From previous studies, we know that the pharmacokinetics of triamcinolone, a corticosteroid used off-label to treat unresponsive DMO and retinal vein occlusions, are severely altered in vitrectomised eyes [23, 27]. It is also known from previous studies in animals and humans that the pharmacokinetics of anti-VEGF agents are altered in vitrectomised eyes, showing a faster clearance rate and a slower rate of improvement in CMT [30, 36, 37]. There has been some debate in recent years concerning the level of efficacy of anti-VEGF for the treatment of MO in vitrectomised eyes. As shown in our study, the long-acting therapeutic properties of the dexamethasone implant can make it a good therapeutic option for the treatment of persistent DMO in vitrectomised patients. Furthermore, the implant has a low risk of ocular side effects in patients who are pseudophakic, those who are not steroid responders, and those without glaucoma.

Summary

What was known before

  • Increased clearance of intravitreal drugs in vitrectomised eyes.

  • As a results shorter drug exposure time on retina tissue that decreases drugs efficacy.

  • Both a-VEGF and triamcinolone (and many other drugs) show the previously described pharmacokinetic profile in vitrectomised eyes.

  • CHAMPLAIN study analysed eyes that undergone vitrectomy in the past with difficult-to-treat DME.The study showed that single dexamethasone implantation improves vision as well as in central macular thickness (CMT), compared to baseline values.

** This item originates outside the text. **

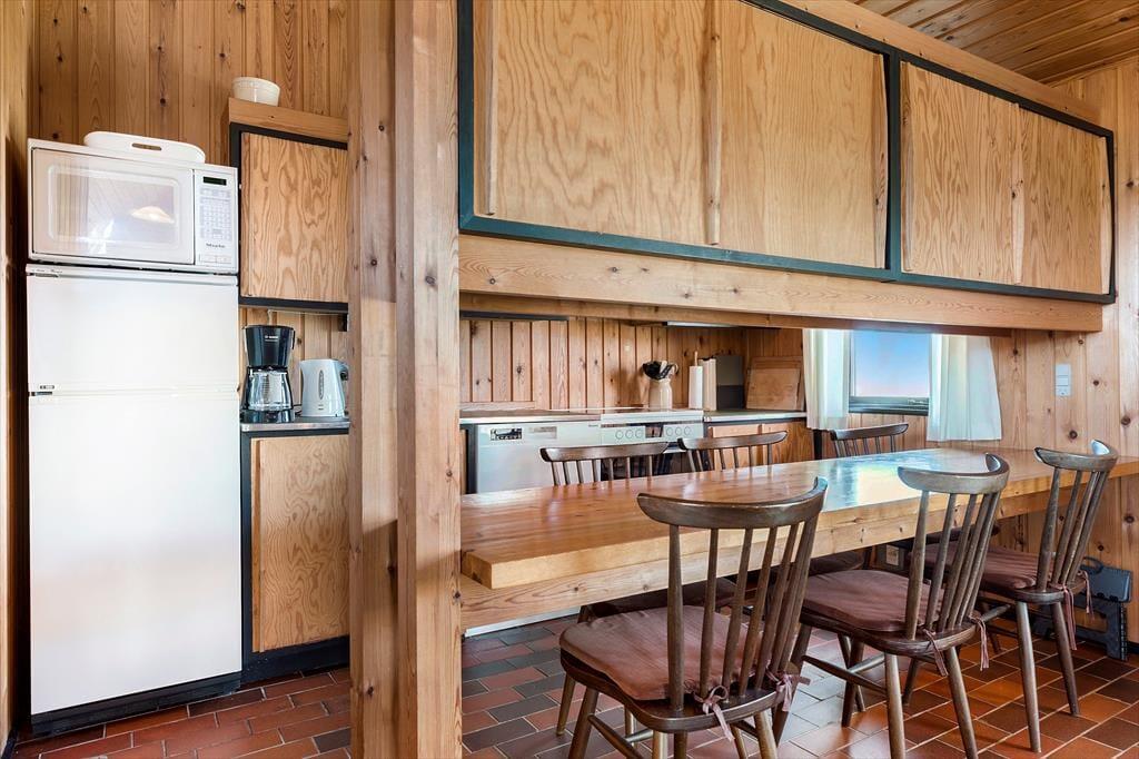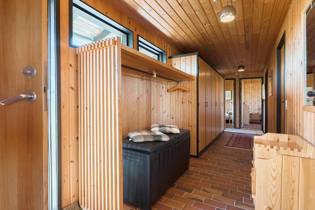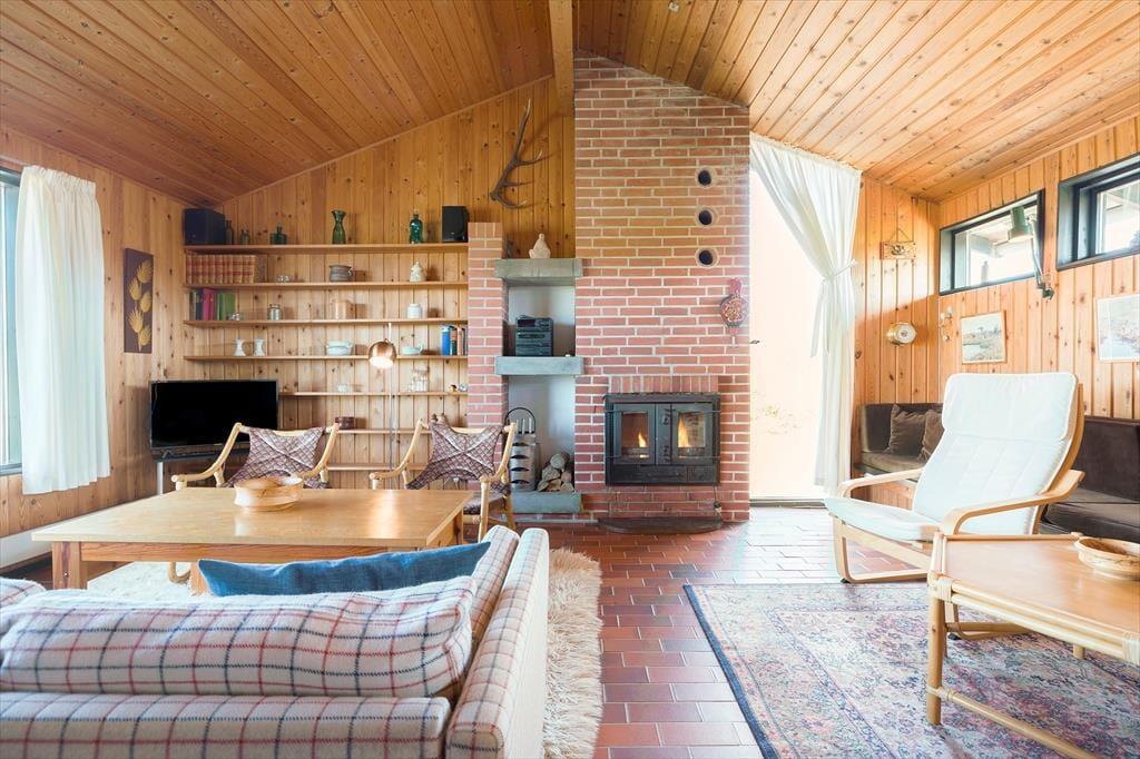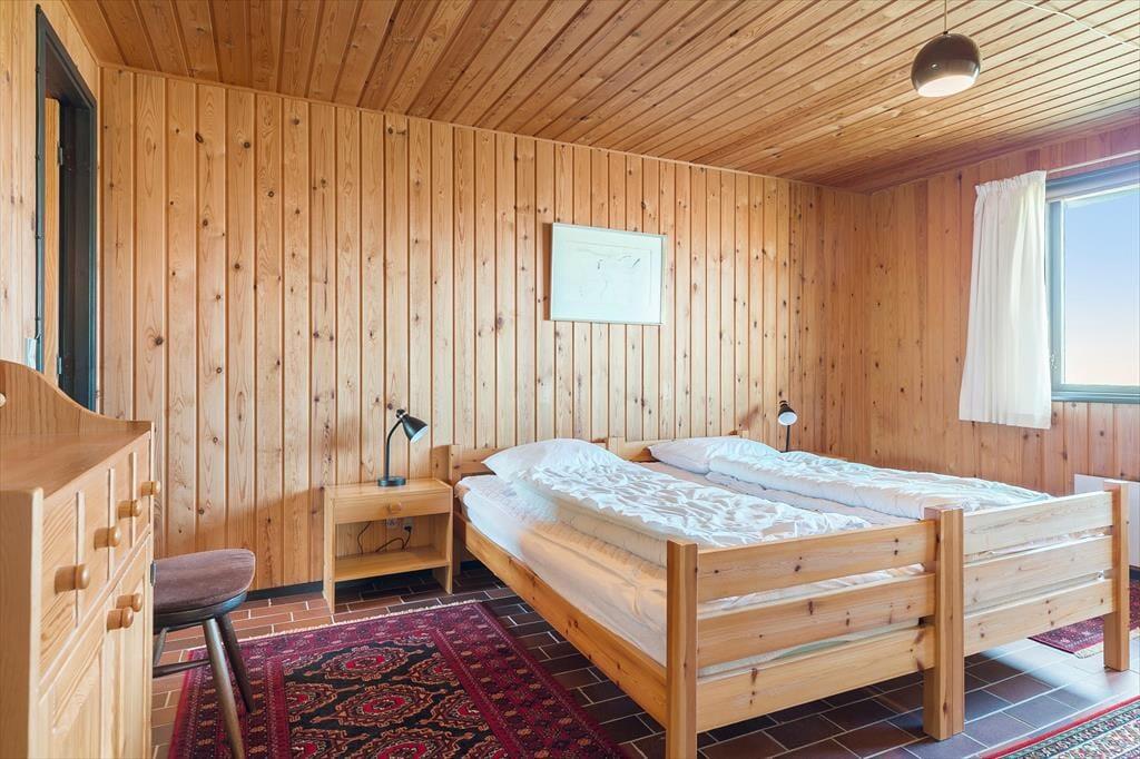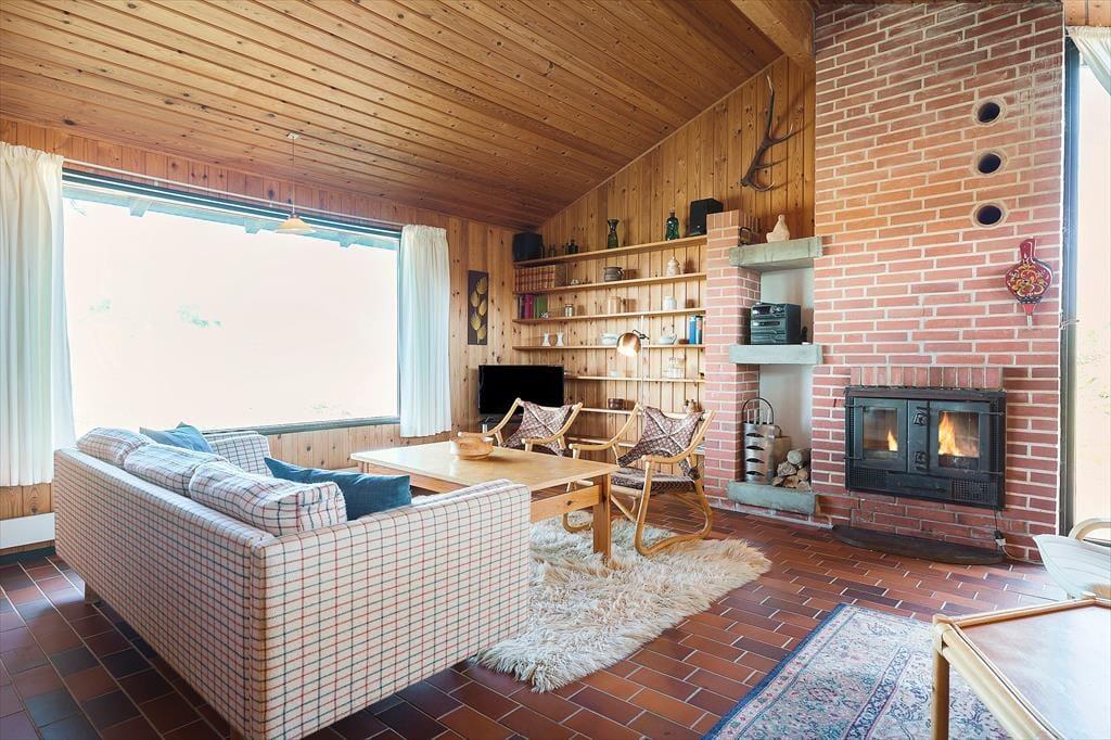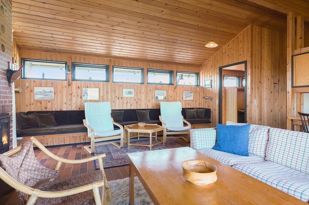 Dette charmerende bjælkehus byder på en helt særlig atmosfære, hvor naturen er trukket med ind i rummene. De varme trævægge og store vinduer skaber en hyggelig stemning, mens panoramaudsigten til Vesterhavet fuldender oplevelsen. Stuen er indrettet med komfortable møbler og en brændeovn, der samler familien til hyggestunder på kølige aftener. Køkkenet ligger i åben forbindelse med stuen og er et dejligt sted at tilberede feriens måltider, mens samtalen flyder frit mellem kok og gæster. Der er gode soveværelser, som indbyder til ro og afslapning efter en dag fuld af oplevelser.

  • Other studies presented that Ozurdex has unaltered efficacy properties in vitrectomized eyes in comparison with non-vitrectomized eyes after a single injection (Eyes with DME).

What this study adds

  • In the current research, the results support the assumption that dexamethasone intravitreal implant efficacy is not affected by previous vitrectomy surgeries in eyes with persistent DME.

  • It is the first-time Ozurdex efficacy and temporal potency of action assayed in vitrectomised and non-vitrectomised eyes with persistent DME (no good response to a-VEGFs) that respond well to corticosteroids (previous triamcinolone treatment).

  • Moreover, it is the first-time long-term follow-up characteristics (max 18 months) of Ozurdex treatment assayed in both groups.

  • No difference in BCVA and CMT observed between vitrectomised and non-vitrectomised groups.